#### Your objective:
Repeat, exactly as written, the lines from the one with "启动仪式上,学习雷锋志愿服务" to the final line of the listing, and keep every picture out.

#### Provided entries:
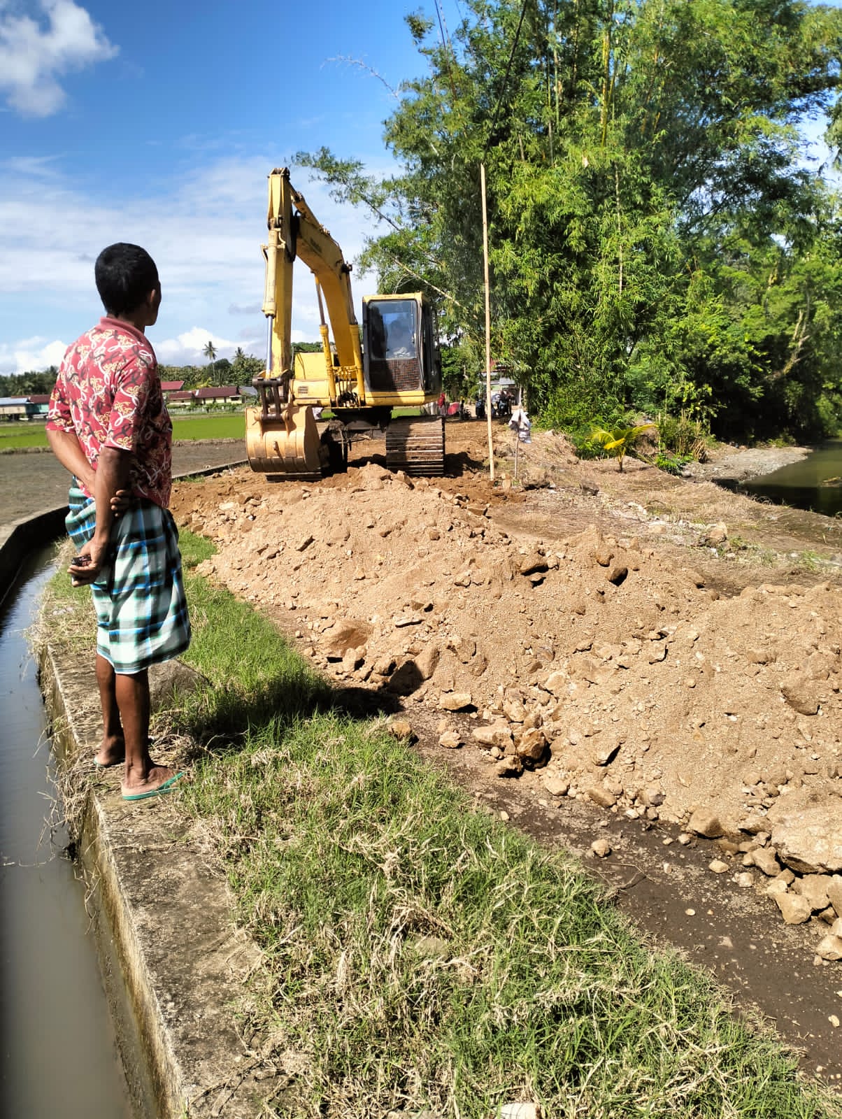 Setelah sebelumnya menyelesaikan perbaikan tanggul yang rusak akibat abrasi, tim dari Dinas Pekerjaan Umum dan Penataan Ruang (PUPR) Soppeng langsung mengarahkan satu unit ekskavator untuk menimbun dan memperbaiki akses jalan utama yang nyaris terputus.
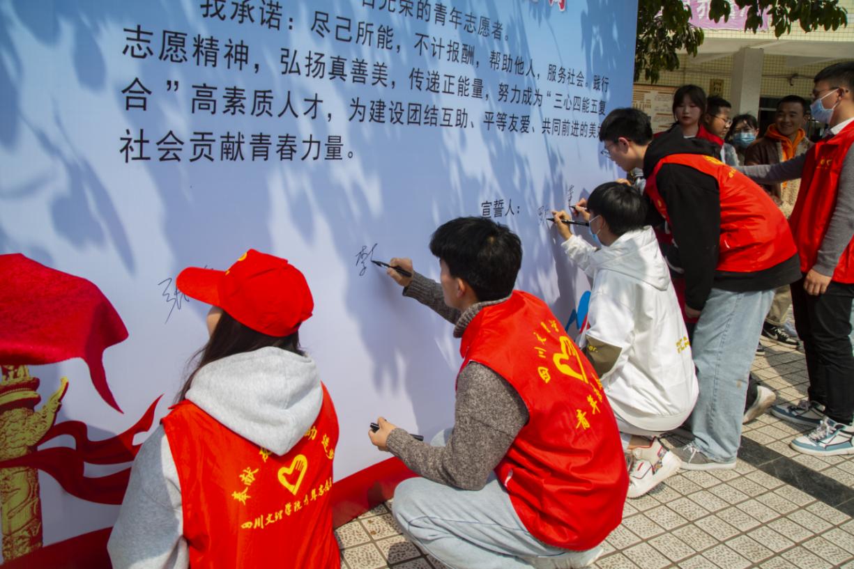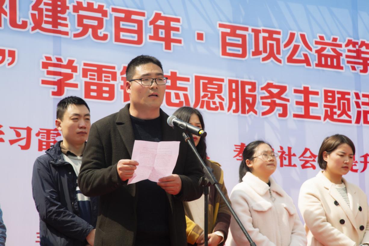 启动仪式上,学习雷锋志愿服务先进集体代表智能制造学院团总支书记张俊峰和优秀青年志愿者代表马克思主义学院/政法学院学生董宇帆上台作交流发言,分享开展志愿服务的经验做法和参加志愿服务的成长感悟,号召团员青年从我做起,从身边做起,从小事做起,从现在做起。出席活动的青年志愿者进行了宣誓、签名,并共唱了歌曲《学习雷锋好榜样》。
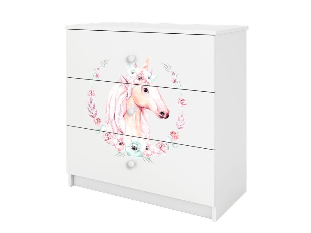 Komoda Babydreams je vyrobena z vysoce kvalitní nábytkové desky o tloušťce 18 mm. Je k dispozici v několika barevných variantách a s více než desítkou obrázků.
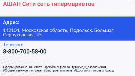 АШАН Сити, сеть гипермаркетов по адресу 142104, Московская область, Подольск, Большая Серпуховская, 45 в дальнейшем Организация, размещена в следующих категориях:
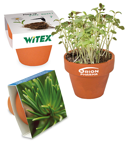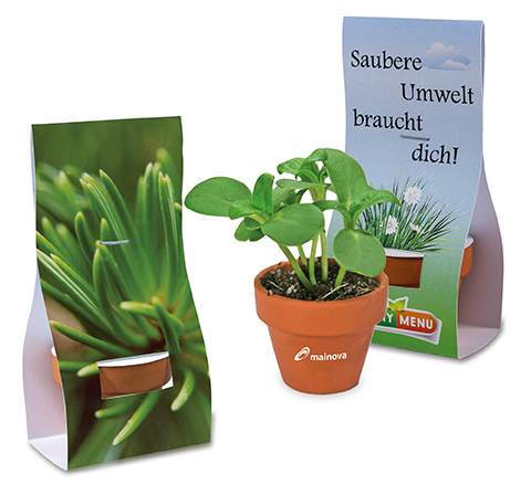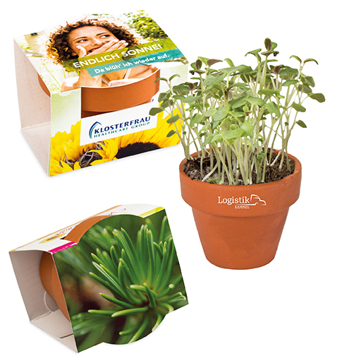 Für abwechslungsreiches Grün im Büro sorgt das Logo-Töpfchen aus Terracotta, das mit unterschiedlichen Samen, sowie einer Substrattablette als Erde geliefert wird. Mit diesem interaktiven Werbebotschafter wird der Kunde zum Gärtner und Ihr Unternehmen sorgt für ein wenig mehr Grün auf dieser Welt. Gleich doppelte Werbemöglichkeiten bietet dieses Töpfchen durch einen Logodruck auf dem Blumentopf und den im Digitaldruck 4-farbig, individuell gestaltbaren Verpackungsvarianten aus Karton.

#### Solution to this exercise:
 启动仪式上,学习雷锋志愿服务先进集体代表智能制造学院团总支书记张俊峰和优秀青年志愿者代表马克思主义学院/政法学院学生董宇帆上台作交流发言,分享开展志愿服务的经验做法和参加志愿服务的成长感悟,号召团员青年从我做起,从身边做起,从小事做起,从现在做起。出席活动的青年志愿者进行了宣誓、签名,并共唱了歌曲《学习雷锋好榜样》。
 Komoda Babydreams je vyrobena z vysoce kvalitní nábytkové desky o tloušťce 18 mm. Je k dispozici v několika barevných variantách a s více než desítkou obrázků.
 АШАН Сити, сеть гипермаркетов по адресу 142104, Московская область, Подольск, Большая Серпуховская, 45 в дальнейшем Организация, размещена в следующих категориях:
 Für abwechslungsreiches Grün im Büro sorgt das Logo-Töpfchen aus Terracotta, das mit unterschiedlichen Samen, sowie einer Substrattablette als Erde geliefert wird. Mit diesem interaktiven Werbebotschafter wird der Kunde zum Gärtner und Ihr Unternehmen sorgt für ein wenig mehr Grün auf dieser Welt. Gleich doppelte Werbemöglichkeiten bietet dieses Töpfchen durch einen Logodruck auf dem Blumentopf und den im Digitaldruck 4-farbig, individuell gestaltbaren Verpackungsvarianten aus Karton.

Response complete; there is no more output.